This post has little to do with R directly, but links to the problem of doing reproducible, Scalable Earth Observation analytics with open source software, and to the problem whether rasdaman should become an OSGeo project. I posted it to the OSGeo-discuss mailing list, as there the issue of rasdaman incubation was heavily discussed. The discussion focused mainly on the provenance of rasdaman open source, but I tried to take a step back. What follows is my original post, but with links added in-line.

As a scientist, I teach my students that for doing science it is a requirement to work with open source software, because only then workflows are fully transparent and can be reproduced by other scientists without prohibitive license costs. Currently, working with large amounts of earth observation (EO) or climate model data typically requires to download these data tile by tile, stitch them together, and go through all of them. Array databases may simplify this substantially: after ingesting the tiles, they can directly work on the whole data as a multi-dimensinal array (“data cube”). Computations on these array are typically embarassingly parallel, and scale up with the number of cores in a cluster.

Rasdaman is an array data base that comes in two flavours, the open source community edition (CE) and the commercial enterprise edition (EE). The differences between the two are clear. When I want to use rasdaman CE (open source) for scalable image analysis, I get stuck waiting for one core to finish everything. This is not going to solve any problems related to computing on large data, and is not scalable. The bold claim that rasdaman.org opens with (“This worldwide leading array analytics engine distinguishes itself by its flexibility, performance, and scalability”) is not true for the CE advertised. This has been mentioned in the past on mailing lists (here and here), but the typical answer from Peter Baumann diverts into other arguments. Also the benchmark graph (photo from an AGU poster) that Peter sent this week must refer to the enterprise edition, since Spark and Hive both scale, but rasdaman CE does not.

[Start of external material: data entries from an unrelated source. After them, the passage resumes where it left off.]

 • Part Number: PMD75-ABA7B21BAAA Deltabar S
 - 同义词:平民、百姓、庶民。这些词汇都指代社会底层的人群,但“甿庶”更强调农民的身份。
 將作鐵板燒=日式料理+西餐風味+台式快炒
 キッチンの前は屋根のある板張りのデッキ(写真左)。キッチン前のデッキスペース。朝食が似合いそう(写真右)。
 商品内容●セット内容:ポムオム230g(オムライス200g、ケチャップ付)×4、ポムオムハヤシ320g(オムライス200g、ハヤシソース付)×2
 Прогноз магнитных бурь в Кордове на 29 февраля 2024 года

I assume that on the discussions on OSGeo-discuss, ONLY the open source community edition is considered, compared, and discussed, as a potential future OSGeo project.

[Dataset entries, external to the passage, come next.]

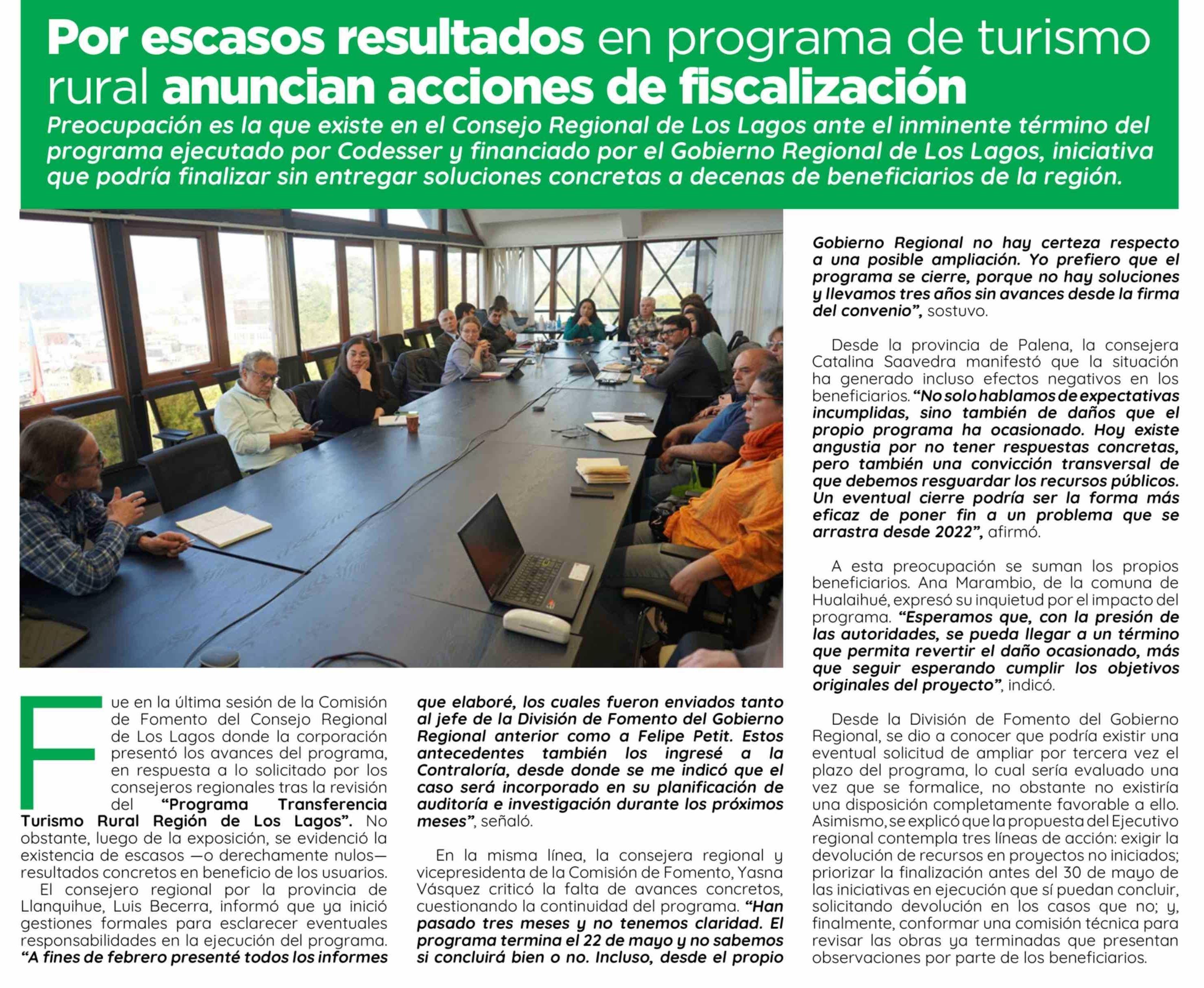 Por escasos resultados en programa de turismo rural anuncian acciones de fiscalización 02-04-2026 El Insular |
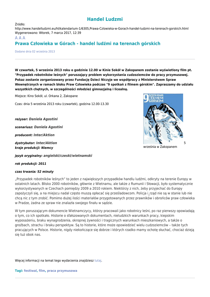 Handel Ludzmi Źródło: http://www.handelludzmi.eu/hl/kalendarium-1/6305,Prawa-Czlowieka-w-Gorach-handel-ludzmi-na-terenach-gorskich.html Wygenerowano: Wtorek, 7 marca 2017, 12:39 AAA Prawa Człowieka w Górach - handel ludźmi na terenach górskich Dodane dnia 02 września 2013 W czwartek, 5 września 2013 roku o godzinie 12.00 w Kinie Sokół w Zakopanem zostanie wyświetlony film pt. "Przypadek robotników leśnych" poruszający problem wykorzystania cudzoziemców do pracy przymusowej. Pokaz zostanie zorganizowany przez Fundację Dzieci Niczyje we współpracy z Ministerstwem Spraw Wewnętrznych w ramach bloku Praw Człowieka podczas "9 spotkań z filmem górskim". Zapraszamy do udziału wszystkich chętnych, w szczególności młodzież gimnazjalną i licealną. Miejsce: Kino Sokół, ul. Orkana 2, Zakopane Czas: dnia 5 września 2013 roku (czwartek), godzina 12.00-13.30 reżyser: Daniela Agostini scenariusz: Daniela Agostini producent: Inter/Aktion dystrybutor: Inter/Aktion kraje produkcji: Niemcy 5 września w Zakopanem język oryginalny: angielski/czeski/wietnamski rok produkcji: 2011 czas trwania: 52 minuty „Przypadek robotników leśnych” to jeden z największych przypadków handlu ludźmi, odkryty na terenie Europy w ostatnich latach. Blisko 2000 robotników, głównie z Wietnamu, ale także z Rumunii i Słowacji, było systematycznie wykorzystywanych w Czechach pomiędzy 2009 a 2010 rokiem. Niektórzy z nich, żeby przyjechać do Europy zapożyczyli się, a na miejscu nadal często muszą opłacać się prześladowcom. Policja i_rząd nie są w stanie lub nie chcą nic z tym zrobić. Pomimo dużej ilości materiałów przygotowanych przez prawników i obrońców praw człowieka w Pradze, żadna ze spraw nie znalazła swojego finału w sądzie. W tym poruszającym dokumencie Wietnamczycy, którzy pracowali jako robotnicy leśni, po raz pierwszy opowiadają o tym, co ich spotkało. Historie o sfałszowanych dokumentach, nieludzkich warunkach pracy, kiepskim wyposażeniu, braku wynagrodzenia, okropnej żywności i tragicznych warunkach mieszkaniowych, a także o groźbach, strachu i braku perspektyw. Są to historie, które może opowiedzieć wielu cudzoziemców – także tych pracujących w Polsce. Historie, nigdy niekończące się dobrze i których rzadko mamy ochotę słuchać, chociaż dzieją się tuż obok nas. Więcej informacji na temat tego wydarzenia znajdziesz tutaj. Tagi: festiwal, film, praca przymusowa podziel się treścią: wersja pdf drukuj
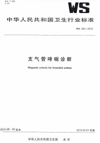 全文链接: 支气管哮喘诊断(WS+383-2012).pdf

OSGeo supports the needs of the open source geospatial community.

Given

  • the bold claims and continuing confusion about whether, and which, rasdaman is scalable,
  • the need for OSGeo to give good advice to prospective users about technologies that do scale EO data analysis,
  • the current (unfilled!) needs of scientists for good, open source software for such analysis, and
  • the potential conflict of interest of its creator,

I wonder whether OSGeo should recommend rasdaman CE to the open source geospatial community.